PROBLEM DESCRIPTION: Output every line of the material exactly, omitting images.

Segment Start: PROVIDED MATERIAL

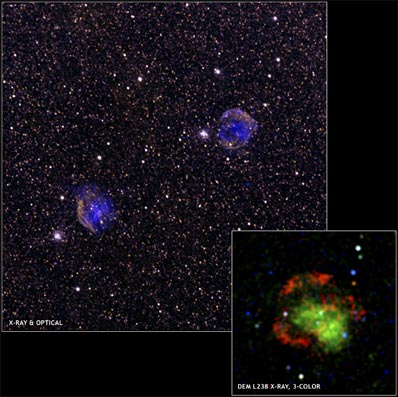 A white dwarf, the dense final stage in the evolution of a sun-like star, is a very stable object and will not explode on its own. However, if a white dwarf has a close companion star it can grow beyond a critical mass by pulling gas off the companion and explode. Computer simulations of Type Ia supernova remnants showed that the most likely explanation for the X-ray data is that the white dwarfs exploded into very dense environments. This suggests that the stars tht evolved into these white dwarfs were more massive than usual, because heavier stars are known to expel more gas into their surroundings. "We know that the more massive a star is, the shorter its lifetime," said Kazimierz Borkowski of North Carolina State University, Raleigh. "If such a star could also begin to pull matter from its companion at an early stage, then this star would have a much shorter fuse and explode in only about 100 million years -- much less than other Type Ia supernovas." Other teams have independently found evidence for prompt Type Ia explosions using optical observations, but at much greater distances where the environment of the stellar explosion cannot be probed. The X-ray data of DEM L238 and DEM L249 represent nearby examples of prompt Type Ia supernovas. "We still need to know more about the details of these explosions since they are such an important tool for studying cosmology," said Stephen Reynolds also of North Carolina State University. "So, it's exciting to discover we have some really nearby examples, astronomically speaking, of this different class of explosion." The luminosity of Type Ia explosions is thought to be very consistent from star to star, and astronomers have used observations of Type Ia supernovas in optical light as cosmic mile markers to study the accelerating expansion of the cosmos caused by dark energy. If Type Ia supernovas can occur so quickly, they can exist much earlier in the Universe's history than generally believed, allowing them to probe the expansion at these epochs. Another possibility is that the prompt Type Ia's may also differ in other properties. If so, the assumption that Type Ia's are standard candles may be compromised, complicating attempts to study dark energy. "We weren't around to see these stars before they exploded," said Sean Hendrick of Millersville University, Penn., "but these X-ray clues tell us that something unusual happened in the case of these two." After finding this evidence for prompt Type Ia explosions in the Large Magellanic Cloud, a nearby galaxy, the researchers are looking at other supernova remnants within the Milky Way to see if they might be examples of this potential new class. For example, the famous supernova observed by Johannes Kepler in 1604 might have been a prompt Type Ia supernova. NASA's Marshall Space Flight Center, Huntsville, Ala., manages the Chandra program for the agency's Science Mission Directorate. The Smithsonian Astrophysical Observatory controls science and flight operations from the Chandra X-ray Center, Cambridge, Mass. |
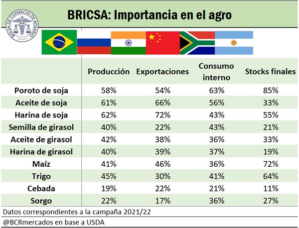 El BRICSA tendría un posicionamiento elevado a nivel agroalimentario: China e India como principales productores y consumidores globales de trigo, Rusia como su principal exportador. Brasil como principal exportador mundial de maíz y soja. China y Rusia como principales consumidores mundiales de cebada. El principal depósito mundial de maíz y soja, con China como epicentro. Rusia y Argentina como jugadores globales en la exportación de aceite de girasol. Enormes volúmenes de análisis adicionales pueden realizarse en vista de la importancia de estos mercados de producción y consumo de productos agrícolas.
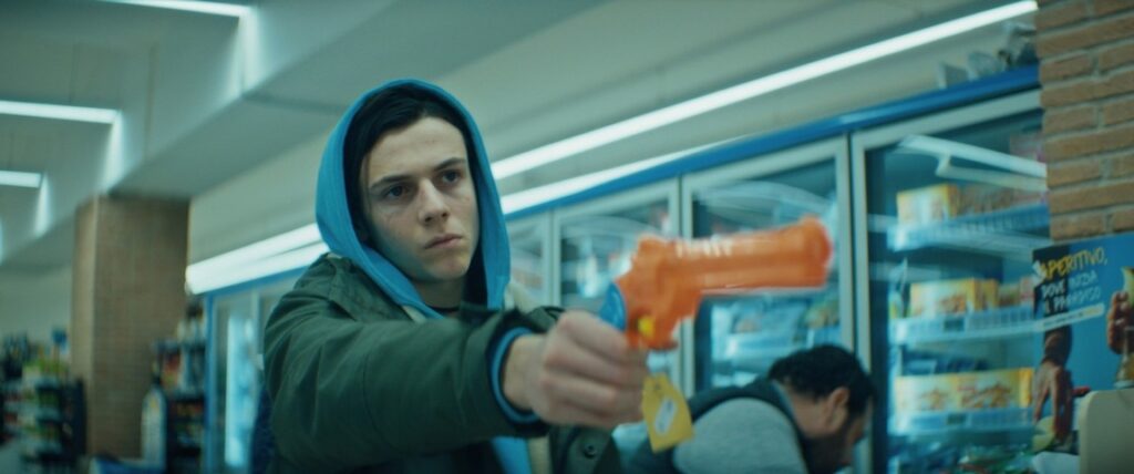 Un’opera sulla rabbia e sul vuoto profondo del nostro tempo, una famiglia orfana di madre (Cristina, interpretata da Cristiana Dell’Anna) e di amore: un adulto (Fabrizio Rongione) e un adolescente (Francesco Gheghi), Thomas ed Enrico, immobilizzati dalla perdita e incapaci di riannodare i fili di un rapporto padre-figlio soffocato dalla colpa e dalle accuse; una bambina, Barbara, che li osserva, soffre e reagisce come può. Una prostituta (Elena Di Cioccio) che sembra l’ultima innocenza dell’umanità, ma che vediamo troppo poco. Tutti traiettorie, punti di fuga, fili metallici tesi da un burattinaio cinico, niente affatto misericordioso, languido nei bassifondi. Il non detto, il misteriosamente taciuto, il veleno ingoiato, il vapore denso del rancore sono i chiodi inflitti in questo derma familiare, la ferita non guarisce, il sale sopra vi è sparso, lo sterminio sembra imminente, eppure… In tutto questo Strippoli non indugia, si prende tempo, governa con sapienza, con eleganza il metaforico, e con straniata scansione eppure partecipe aderenza le rotte critiche dei suoi personaggi, deviate da pulsioni nascoste e lontane che deformano la realtà e la coscienza. Piove allora può espandersi: si muove angosciato negli spazi tra i piani, tra interni di case e anonimi esterni di quartiere, tra la superficie e il sottosuolo urbano, tra ciò che separa e unisce il bene il male. Il regista affina il discorso partendo da un immaginario horror con coordinate abbastanza precise, inchioda alla propria colpevole banalità le immagini di oggi e infine trova nelle fiamme, ancora nel cinema, nel fuoco, in ciò che brucia, l’unica luce, l’ultima salvezza possibile.
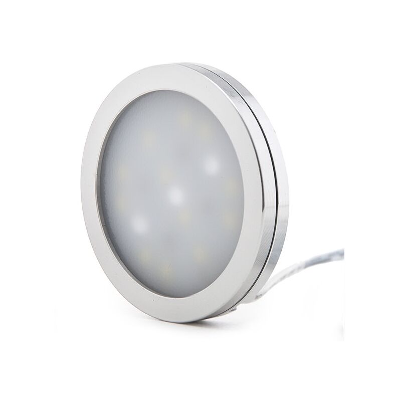 La mini plafoniera LED circolare di diametro 60mm con spessore 9mm per essere installata in mobili, offre soluzioni per uffici, fabbriche e per uso residenziale. da installare a 12VDC (Compatibile con Driver 220VAC / 12VDC per Mini Plafoniera). Ha un'alta efficienza (100 Lm/W) consumando 3W tramite 12 LED SMD5050, riuscendo a fornire un flusso luminoso di 300Lm uniformemente distribuito da un diffusore in plastica opale da cui si ottiene un indice di resa cromatica di 80 . Il suo consumo rappresenta un valore di 3kWh / 1000h, riducendo la quantità di energia fatturata e le emissioni di gas inquinanti in atmosfera. Questo mini soffitto può essere alimentato con un driver non incluso nella confezione che deve essere collegato direttamente alla rete, con connettore di uscita compatibile con il collegamento del mini soffitto, inoltre sono inclusi gli accessori necessari per l'installazione del mini soffitto. Rifinito in colore grigio costruito con alluminio. La mini plafoniera ha un grado

Segment End: PROVIDED MATERIAL

EXERCISE OUTPUT:
 A white dwarf, the dense final stage in the evolution of a sun-like star, is a very stable object and will not explode on its own. However, if a white dwarf has a close companion star it can grow beyond a critical mass by pulling gas off the companion and explode. Computer simulations of Type Ia supernova remnants showed that the most likely explanation for the X-ray data is that the white dwarfs exploded into very dense environments. This suggests that the stars tht evolved into these white dwarfs were more massive than usual, because heavier stars are known to expel more gas into their surroundings. "We know that the more massive a star is, the shorter its lifetime," said Kazimierz Borkowski of North Carolina State University, Raleigh. "If such a star could also begin to pull matter from its companion at an early stage, then this star would have a much shorter fuse and explode in only about 100 million years -- much less than other Type Ia supernovas." Other teams have independently found evidence for prompt Type Ia explosions using optical observations, but at much greater distances where the environment of the stellar explosion cannot be probed. The X-ray data of DEM L238 and DEM L249 represent nearby examples of prompt Type Ia supernovas. "We still need to know more about the details of these explosions since they are such an important tool for studying cosmology," said Stephen Reynolds also of North Carolina State University. "So, it's exciting to discover we have some really nearby examples, astronomically speaking, of this different class of explosion." The luminosity of Type Ia explosions is thought to be very consistent from star to star, and astronomers have used observations of Type Ia supernovas in optical light as cosmic mile markers to study the accelerating expansion of the cosmos caused by dark energy. If Type Ia supernovas can occur so quickly, they can exist much earlier in the Universe's history than generally believed, allowing them to probe the expansion at these epochs. Another possibility is that the prompt Type Ia's may also differ in other properties. If so, the assumption that Type Ia's are standard candles may be compromised, complicating attempts to study dark energy. "We weren't around to see these stars before they exploded," said Sean Hendrick of Millersville University, Penn., "but these X-ray clues tell us that something unusual happened in the case of these two." After finding this evidence for prompt Type Ia explosions in the Large Magellanic Cloud, a nearby galaxy, the researchers are looking at other supernova remnants within the Milky Way to see if they might be examples of this potential new class. For example, the famous supernova observed by Johannes Kepler in 1604 might have been a prompt Type Ia supernova. NASA's Marshall Space Flight Center, Huntsville, Ala., manages the Chandra program for the agency's Science Mission Directorate. The Smithsonian Astrophysical Observatory controls science and flight operations from the Chandra X-ray Center, Cambridge, Mass. |
 El BRICSA tendría un posicionamiento elevado a nivel agroalimentario: China e India como principales productores y consumidores globales de trigo, Rusia como su principal exportador. Brasil como principal exportador mundial de maíz y soja. China y Rusia como principales consumidores mundiales de cebada. El principal depósito mundial de maíz y soja, con China como epicentro. Rusia y Argentina como jugadores globales en la exportación de aceite de girasol. Enormes volúmenes de análisis adicionales pueden realizarse en vista de la importancia de estos mercados de producción y consumo de productos agrícolas.
 Un’opera sulla rabbia e sul vuoto profondo del nostro tempo, una famiglia orfana di madre (Cristina, interpretata da Cristiana Dell’Anna) e di amore: un adulto (Fabrizio Rongione) e un adolescente (Francesco Gheghi), Thomas ed Enrico, immobilizzati dalla perdita e incapaci di riannodare i fili di un rapporto padre-figlio soffocato dalla colpa e dalle accuse; una bambina, Barbara, che li osserva, soffre e reagisce come può. Una prostituta (Elena Di Cioccio) che sembra l’ultima innocenza dell’umanità, ma che vediamo troppo poco. Tutti traiettorie, punti di fuga, fili metallici tesi da un burattinaio cinico, niente affatto misericordioso, languido nei bassifondi. Il non detto, il misteriosamente taciuto, il veleno ingoiato, il vapore denso del rancore sono i chiodi inflitti in questo derma familiare, la ferita non guarisce, il sale sopra vi è sparso, lo sterminio sembra imminente, eppure… In tutto questo Strippoli non indugia, si prende tempo, governa con sapienza, con eleganza il metaforico, e con straniata scansione eppure partecipe aderenza le rotte critiche dei suoi personaggi, deviate da pulsioni nascoste e lontane che deformano la realtà e la coscienza. Piove allora può espandersi: si muove angosciato negli spazi tra i piani, tra interni di case e anonimi esterni di quartiere, tra la superficie e il sottosuolo urbano, tra ciò che separa e unisce il bene il male. Il regista affina il discorso partendo da un immaginario horror con coordinate abbastanza precise, inchioda alla propria colpevole banalità le immagini di oggi e infine trova nelle fiamme, ancora nel cinema, nel fuoco, in ciò che brucia, l’unica luce, l’ultima salvezza possibile.
 La mini plafoniera LED circolare di diametro 60mm con spessore 9mm per essere installata in mobili, offre soluzioni per uffici, fabbriche e per uso residenziale. da installare a 12VDC (Compatibile con Driver 220VAC / 12VDC per Mini Plafoniera). Ha un'alta efficienza (100 Lm/W) consumando 3W tramite 12 LED SMD5050, riuscendo a fornire un flusso luminoso di 300Lm uniformemente distribuito da un diffusore in plastica opale da cui si ottiene un indice di resa cromatica di 80 . Il suo consumo rappresenta un valore di 3kWh / 1000h, riducendo la quantità di energia fatturata e le emissioni di gas inquinanti in atmosfera. Questo mini soffitto può essere alimentato con un driver non incluso nella confezione che deve essere collegato direttamente alla rete, con connettore di uscita compatibile con il collegamento del mini soffitto, inoltre sono inclusi gli accessori necessari per l'installazione del mini soffitto. Rifinito in colore grigio costruito con alluminio. La mini plafoniera ha un grado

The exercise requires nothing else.